Governing Artificial Intelligence

Convenor

Markus Furendal (Postdoc The Global Governance of AI Department of Political Science, Stockholm University); governanceofai@gmail.com


*All times are British Summer Time (BST)

September 9, 2021

Session I : Technical and theoretical aspects of AI 1

08.00 – 9.30

“Applying Measures of Artificial Intelligence to the Governance of Artificial Intelligence” – David Gamez (Middlesex University)

“AI as Black-Box: Phenomenological Reflections on the Crisis Posed by Opaque Machine Learning Methods” – Daire Boyle (Maynooth University)

 

Session II : Technical and theoretical aspects of AI 2

9.45 – 11.05

“Artificial Intelligence and Cultural Democracy” – Jonathan Gingerich (King’s College London)

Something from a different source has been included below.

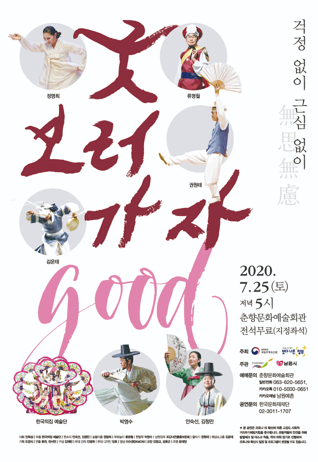지역예술인과 함께하는 2020년 굿GOOD보러가자 무사무려(無思無慮) ‘아무 근심과 걱정도 없다’ 는 뜻으로 코로나19 확산으로 전례 없는 어려움에 빠져있는 상황에서 우리의 평범한 일상의 회복을 바라는 마음을 담음 ※ 찾아가는 굿보러가자 공연이벤트 : 7. 24. (금) 14:00 ~ 16:40 서도역

Against AI Value Alignment” – Chelsea Guo (Oxford University)

 

Session III : Governance of AI 1

12.00 – 1.20 P.M.

“The Dominant Power of AI Designers” – Jonne Maas (Delft University of Technology)

“AI Ethics, Ethics Washing, and the Need to Politicize Data Ethics” – Gijs van Maanen (Tilburg University)

 

Session IV : Governance of AI 2

1.35 P.M.– 2.15 P.M.

“An Institutionalist Approach to AI Ethics: Justifying the Priority of Government Regulation over Self-regulation” – Thomas Ferretti (LSE)

 

September 10, 2021

Session V : Governance of AI 3

8.00 – 9.20

“The Basic Structure and AI Governance” – Theodore Lechterman (Institute for Ethics in AI, Oxford University)

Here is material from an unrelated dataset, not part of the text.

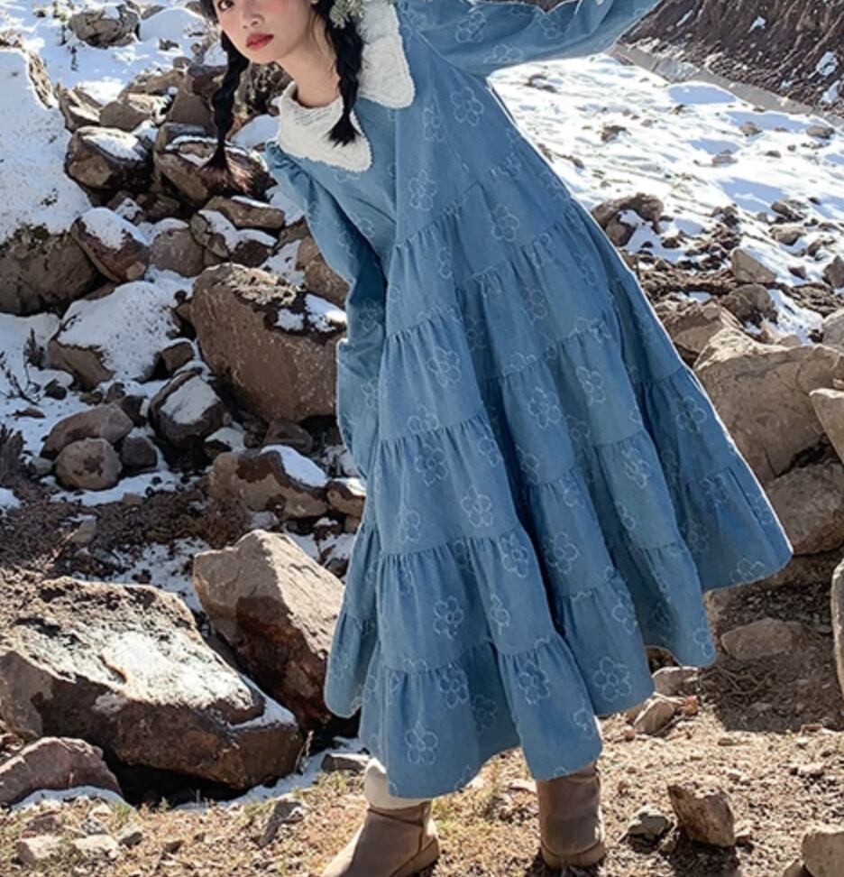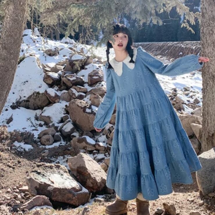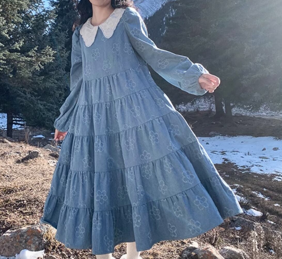 ワンピース フレア ミモレ 長袖 かわいい 大人可愛い きれいめ シンプル カジュアル 上品 おしゃれ かっこいい レトロ こなれ感 ラフ ガーリー ルーズ 個性的 クール モード系 エレガント 主役級 存在感 抜け感 ヴィンテージ ラブリー キュート ゴシック 都会的 ラグジュアリー クラシカル ロマンティック ナチュラル OL 学生 デート お出かけ イベント 旅行 女子会 休日 ショッピング カフェ コーデ 楽ちん 普段使い 着回し モテ インスタ映え S M ゆったり ゆる ブルー

The Global Governance of Artificial Intelligence: Some Normative Concerns‘” – Markus Furendal (Stockholm University)

 

Session VI : Governance through AI 1

9.35 – 10.55

“AI and the Question of Political Legitimacy” – Maria Nordström (The Royal Institute of Technology, Stockholm)

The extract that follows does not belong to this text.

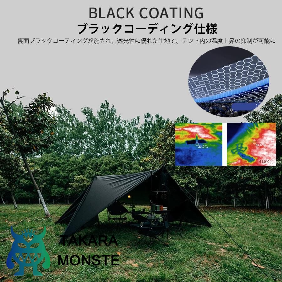 レクタタープ タープ キャンプタープ 天幕 日除けシェード サンシェルター 210T素材 ブラックコーディング 19箇所ループ 軽量 防水 4x4m 収納バック

“Machine Learning and Democratic Legitimacy” – Karim Jebari, Jonas Hultin Rosenberg, Ludvig Beckman (Institute for Futures Studies, Uppsala University, Stockholm University)

 

Session VII: Governance through AI 2

12.00 – 1.20 P.M.

“Not So Silent Power? Artificial Intelligence, Algorithmic Governance and Three Concepts of Liberty” – Filip Biały (European New School of Digital Studies / Collegium Polonicum, Adam Mickiewicz University)

“AI, Opacity and Personal Autonomy” – Bram Vaassen (University of Cologne)

 

Session VIII : Governance through AI 3

1.35 P.M. – 2.30

“Automating Anticorruption? The Challenges of Integrating Algorithms and Office Accountability” – Emanuela Ceva & María Carolina Jiménez García (University of Geneva)

 

Political philosophers have recently started to address the moral and social implications of increasingly complex Artificial Intelligence (AI), including the way that the biases of AI systems might entrench existing injustices, and whether decisions made by opaque AI systems can be legitimate. Philosophers and engineers also debate how to best rein in a hypothetical future “superintelligent” AI system, and how to make sure that its values align with ours. Yet, countless other kinds of AI technology have already begun to be implemented throughout society, and even though many of them have potentially disruptive effects, there is still no systematic work addressing how the development and deployment of AI, more generally, ought to happen. The advent of AI technology is not merely a technical issue, and moral questions arise not only with regard to its applications. How AI is developed and deployed is also a political question, calling for collective decisions about what society ought to be like. For instance, the current AI boom has in part been enabled by publicly funded research and the collection of data about people’s daily behavior, but most AI technology is developed and owned by relatively few large corporations. Since AI technology holds a promise to be tremendously profitable for those who own it, this raises the question of whether this state of affairs is just, or whether the value and productivity growth created by the technology ought to be shared more widely. Similarly, AI technology might provide us with greater convenience and increased human capacities, at the cost of values like privacy or community. Current decisions about what kinds of AI technology to develop are mostly made by private companies, based on a market logic, but there may be more fair or democratic alternatives. Who ought to have a say in this, and what kinds of institutions would have to be developed to ensure that it happens? Serious discussion of questions like these arguably needs to be informed by theories of justice, democracy, freedom, and power.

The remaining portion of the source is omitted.